Diferente da compaixão que tive por Francesca, diante de Filippo não fui tomado por ternura. Desejei vê-lo mergulhado na lama. Virgílio aprovou minha reação, abraçando-me e chamando bendita aquela que me gerou. Isso pode parecer duro, mas há aqui uma diferença moral: Francesca falava com beleza e despertava perigo de compaixão desordenada; Filippo aparece como figura de arrogância iracunda, sem nobreza, sem arrependimento, sem doçura enganosa. A repulsa de Dante começa a alinhar-se com o juízo.
As outras almas se lançaram sobre Filippo.
Ele foi despedaçado pela fúria dos que estavam ali. Até ele mesmo, em raiva, voltava-se contra si com os dentes. A cena era brutal. O homem irado, no fim, torna-se alimento da ira comum. Quem viveu pela agressão entra numa comunidade de agressão. Quem fez do conflito sua força é absorvido por um mundo onde todos se devoram.

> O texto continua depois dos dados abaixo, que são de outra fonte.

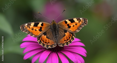 © CreativeBro, Obraz premium Butterfly with tortoise shell wings sitting atop bright pink flower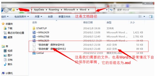 7、在打开的子文件夹中找到“Microsoft”文件夹,打开它,找到“Word”文件夹打开即可,这时Word文件夹里面有一些文件。找到后缀为“.asd”的文件 ,这个就是Word在异常情况下自动保存的草稿,将这个文件复制到桌面,将后缀名改为word,然后打开,会发现你辛辛苦苦写的文档原来在这。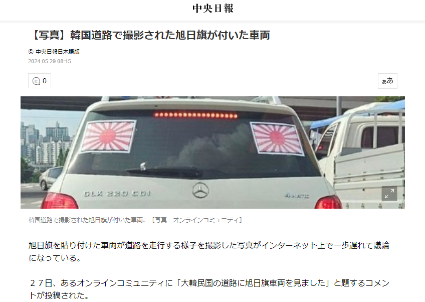 2024.05.29 08:00旭日旗を貼り付けた車両が道路を走行する様子を撮影した写真がインターネット上で一歩遅れて議論になっている。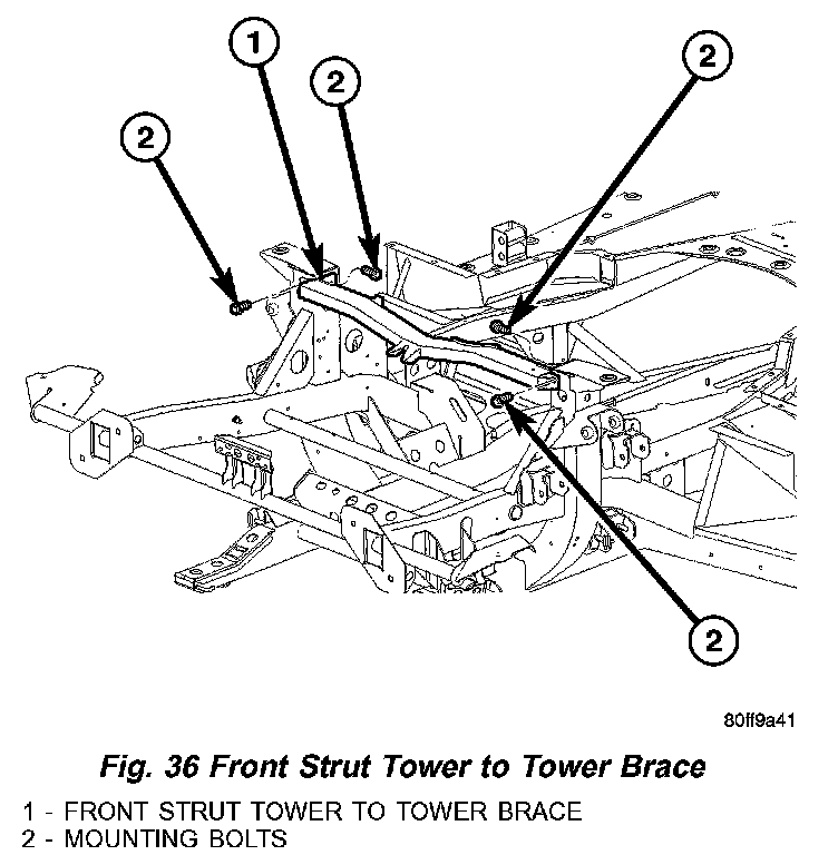 3. Remove front strut tower to tower brace (Fig. 36).

Virgílio então me disse que, antes de alcançarmos a margem, eu veria algo que me daria satisfação. E assim foi: vi Filippo ser atacado e afundado pelos seus iguais.

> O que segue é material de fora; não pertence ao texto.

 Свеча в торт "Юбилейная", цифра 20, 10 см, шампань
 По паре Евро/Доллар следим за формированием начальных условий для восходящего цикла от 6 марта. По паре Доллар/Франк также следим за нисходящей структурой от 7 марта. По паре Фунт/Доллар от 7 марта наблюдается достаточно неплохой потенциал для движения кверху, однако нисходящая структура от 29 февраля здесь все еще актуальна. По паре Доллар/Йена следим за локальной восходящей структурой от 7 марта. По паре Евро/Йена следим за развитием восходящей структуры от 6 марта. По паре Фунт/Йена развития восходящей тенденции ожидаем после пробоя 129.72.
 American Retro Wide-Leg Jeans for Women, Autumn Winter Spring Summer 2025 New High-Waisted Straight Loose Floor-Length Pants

Essa passagem é incômoda, mas necessária.
Dante está aprendendo a ordenar sua compaixão. No Inferno, sentir pena de todo condenado como se a pena fosse injusta seria falhar no entendimento. Mas também se alegrar cruelmente com a dor por prazer sádico seria outra deformação. O ponto é mais sutil: Dante começa a reconhecer que certas almas representam vícios tão destrutivos que sua humilhação diante da justiça é correta.
A ira orgulhosa deve ser julgada.
A violência arrogante deve ser rebaixada.
A cidade não se cura tratando a brutalidade como se fosse apenas temperamento forte.
Depois disso, seguimos.
Ao longe, a cidade de Dite começou a aparecer.
Suas mesquitas ou torres ardiam como ferro saído do fogo. As muralhas pareciam incandescentes. A paisagem tornava-se mais ameaçadora. Eu sentia que estávamos nos aproximando de uma nova divisão do Inferno. Até então, havíamos atravessado pecados de incontinência: desejos e paixões que falharam por falta de governo. Mas a cidade de Dite indicava algo mais grave: uma região de malícia mais consciente, mais endurecida, mais rebelde.
O Estige, portanto, é passagem.
Ele fecha uma etapa e prepara outra.
A ira nos leva até os muros de uma cidade infernal. Isso faz sentido: paixões desordenadas, quando se organizam, tornam-se estrutura. O ódio deixa de ser apenas explosão individual e vira cidade, sistema, política, resistência contra o caminho da salvação.
Dite se ergue à frente.
E eu, olhando para aquelas torres vermelhas, percebi que a jornada ficaria mais difícil.
No Canto VII, depois de explicar a Fortuna e passar pelo círculo dos avarentos e pródigos, Dante e Virgílio chegam ao Estige. Ali veem os iracundos lutando na superfície da lama e os tristes ou rancorosos afundados sob a água escura. Em seguida, aproximam-se da travessia que levará à cidade de Dite.
Continuei em silêncio.
A barca seguia.
O pântano ficava atrás, mas seus sinais permaneciam em mim.
Eu havia aprendido que a ira pode gritar ou sufocar.
Pode bater no outro ou afundar dentro de si.
Pode parecer força ou parecer tristeza.
Mas, quando não é ordenada pelo bem, sempre termina em lama.
E agora, diante das muralhas ardentes de Dite, eu compreendia que o Inferno estava prestes a mostrar formas ainda mais profundas da perdição: não apenas paixões que arrastam, mas vontades que se organizam contra a luz.